In 2024, the company opened 238 stores during its 2024 fiscal year, with telecoms being the fastest growing segment. The same year, the company announced it reached 3,000 stores.

In June 2025, the group announced plans to open 200 additional stores in 2026.

In January 2026, MRP Group restated its intention to acquire German clothing retail company NKD, including 2,100 stores across Europe. The acquisition would cost R9.7 billion.

However, MRP faced pushback from some of its shareholders, who believed that MRP would be subsidizing NKD, with not enough certainty of a return on investment. One shareholding company noted NKD's R500 million loss in 2023. Shareholders also noted failed international expansions by other South African companies, such as Woolworths acquiring David Jones, and Famous Brands acquiring Gourmet Burger Kitchen, and said the capital could be better spent elsewhere. A special review of the purchase by the JSE Limited was requested in January 2026 by MRP Group shareholder Benguela Global Fund Managers.
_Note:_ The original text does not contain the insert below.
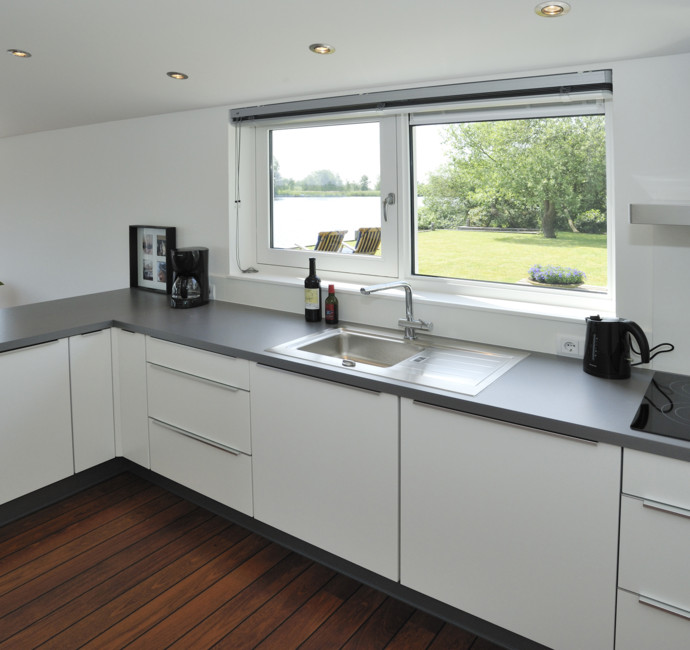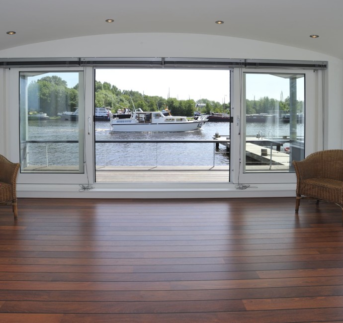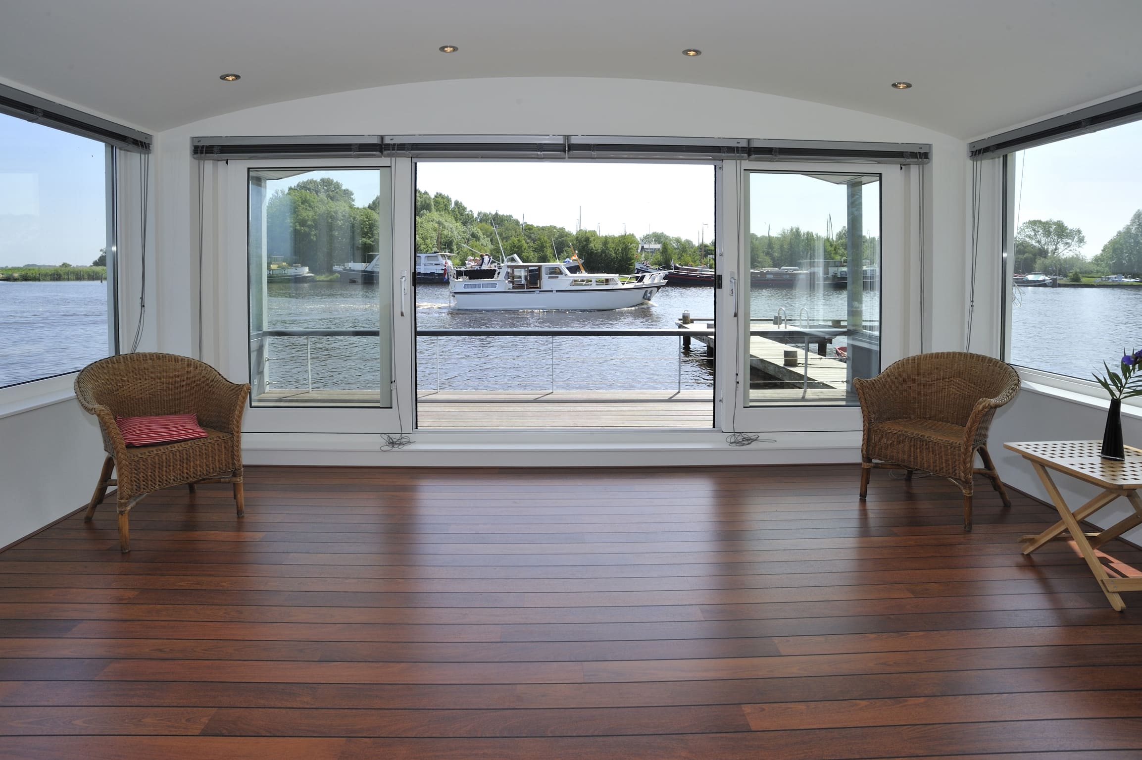 Wie aan Fryslân denkt, denkt aan water, elfsteden, koeien in het prachtige grasland, blauwe lucht en weidse uitzichten. De heer en mevrouw Dijkstra genieten van dit alles vanaf hun recreatieark in het plaatsje De Veenhoop vlakbij Drachten. Vanaf hun sfeervolle veranda, die vanuit de woonkamer door schuifpuien te bereiken is, zien ze de vrolijke zeiltjes van de bootjes van de zeilschool er tegenover. Af en toe vaart een andere boot rustig voorbij. Ruim van opzet met zelfs drie slaapkamers, maakt het een praktische thuishaven om te genieten.

Also in January 2026, MRP Group opened applications for young women interested in operating small coffee businesses inside certain MRP Home stores, as part of the company's Foundation Coffee incubator program. The foundation said the program is designed to give aspiring entrepreneurs access to real trading environments, rather than their relying on classroom-based education. Those selected will be responsible for managing the cafés’ daily operations and generating revenue through sales.

==Operations==

Mr Price Group operates the following subsidiaries:

MRP Group store distribution, as at June 2025
| Store name | Type | Number of outlets |
|---|---|---|
| Studio 88 | Clothing | 951 |
| MRP | Clothing | 626 |
| Sheet Street | Homeware (linen) | 334 |
| Power Fashion | Clothing | 324 |
| Miladys | Women's clothing | 265 |
| MRP Home | Homeware (general) | 231 |
| MRP Sport | Sportswear and sporting equipment | 178 |
| MRP Cellular | Mobile telephony | 61 |
| MRP Kids | Kidswear | 39 |
| Yuppiechef | Cooking equipment | 21 |
| Total stores | - | 3,030 |

In terms of the group's retail category split, in 2025, 79.7% of the group's sales came from apparel, 17.1% from homeware, and 3.2% from financial services and telecoms.

The group operates across numerous African countries. In the same year, online channels contributed a total of 2.1% of the group's sales.

Mr Price Group's sales are generated predominantly in South Africa, with the company's home country comprising a total of 92.2% of total sales, and Africa making up the remaining 7.8%. In 2024, South African sales grew by 15.5%, compared to the rest of Africa sales for the group growing by 25.4%.

Analysts have described the group as operating a low-cost retail model relative to industry peers. In its 2024 fiscal year, the group reported that it had 4.1 million customers.

The group has partnered with South African delivery company, Pargo, for click and collect lockers. Mr Price Group operates over 900 such lockers as delivery options for its customers.

==Corporate social responsibility==

The group operates the Mr Price Foundation, founded in 2005. A registered nonprofit organization (NPO) the Foundation focuses on improving youth unemployment and education quality.

By the mid-2020s, the company reported increased use of sustainable materials in its product lines. It also helped develop the Retail-CTFL Master Plan 2030 of South Africa.

The group participates in membership organizations including the Ethical Trading Initiative (ETI), the National Credit Retail Federation (NCRF), the Forestry Stewardship Council (FSC), Proudly SA, and various Producer Responsibility Organizations (PROs).

Mr Price Group partners with The Clothing Bank and The Clothing Box, both economic empowerment projects in South Africa focused on prolonging product usage and reducing excess merchandise.

MRP Group also operates a Foundation Coffee incubator program, with the goal of empowering young women with experiential learning, by offering them the opportunity to earn incomes by running coffeehouses inside select MRP Home stores across SA.